Just 7 games through this 16 game season, Minnesota fans might as well pack it in. The ship of success and playoff hopes is sailing away faster than a lifeboat from Cuba. Let’s wave the white flag, give the microphone to the fat lady, and pull back the sheets on the bed. At not even the midway point of the 2014 season, we Vikings fans might as well suck down a little drowsy Benadryl and lose ourselves in a 10-month slumber until next season arrives.
It’s an absolute shame that all hope is lost at such an early point in the season, but I can’t remember a game where I’ve been less emotionally involved than I was on Sunday. I knew deep down, through the entire game, that Minnesota would find a way to lose, and that is a terrible and unfulfilling way to watch a football game. It’s like watching Friday Night Lights more than once.
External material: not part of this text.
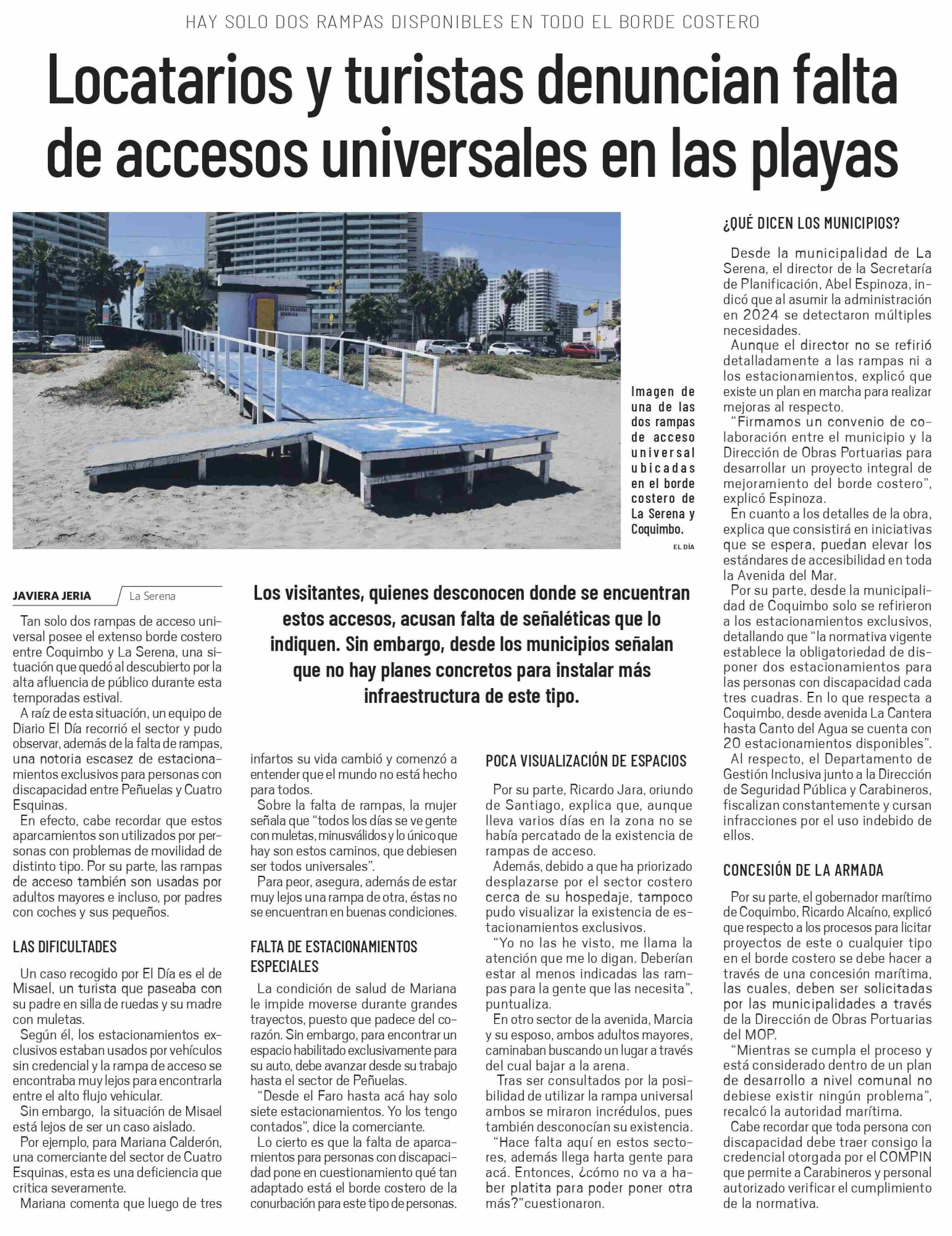 Locatarios y turistas denuncian falta de accesos universales en las playas 10-01-2026 El Día |

You already know that they’re going to lose, and it’s still miserably disappointing every time. Minnesota’s defense gave them every opportunity to win the game (aside from allow a Bills TD drive in the final minutes of the game), and yet, this gutted, injury-ravaged, anemic, lifeless, bottom of the barrel, turnover-prone, playmaker-lacking offense again failed to show up to the game.
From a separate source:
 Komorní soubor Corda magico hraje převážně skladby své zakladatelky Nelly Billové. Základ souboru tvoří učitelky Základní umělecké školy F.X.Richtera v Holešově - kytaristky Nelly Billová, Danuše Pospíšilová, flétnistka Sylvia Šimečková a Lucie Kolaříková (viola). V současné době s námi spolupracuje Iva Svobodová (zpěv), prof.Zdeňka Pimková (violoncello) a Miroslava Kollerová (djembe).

The Vikings did virtually nothing offensively to rouse any enthusiasm or excitement going forward. Sure they ran the ball better than most teams have been able to against the Bills (29 carries for 158 yards), but the Vikings again shot themselves in the foot time and time again by allowing sacks, committing penalties, and turning the ball over. Like the high beams of an oncoming semi shining right in your eyes, it was again blindingly obvious that Minnesota’s offensive line cannot protect Teddy Bridgewater, and the Vikings netted just 118 passing yards (157 passing yards minus 39 yards lost to sacks). That pathetic passing output is also an indictment on Minnesota’s lack of receiving playmakers (Cordarrelle Patterson sure isn’t one as it turns out). And the last thing that the Minnesota faithful want to see is our young quarterback’s development stunted and perhaps even totally derailed by a line that won’t protect and receivers that can’t get open. It is definitely nerve-racking to see Minnesota’s prospective future leader take-on bad habits while he repeatedly gets punished in the pocket.
At this point, the best thing that the Vikings can hope for is week-by-week positive development of the future key/star players that this team will need to step up in order to have any success. Obviously, Teddy Bridgewater needs to start limiting his mistakes and getting more comfortable in the NFL game, but young guys like Jerick McKinnon, Anthony Barr, Matt Kalil, Sharrif Floyd, Xavier Rhodes, Josh Robinson, Harrison Smith, and Cordarrelle Patterson, among others, need to continue to develop and improve so that this team can build a strong foundation of talented young players for (fingers crossed) future success.
It certainly bites that this season has essentially devolved into practice for next season, but unfortunately, it’s all that we’re left with. What a sad and familiar feeling.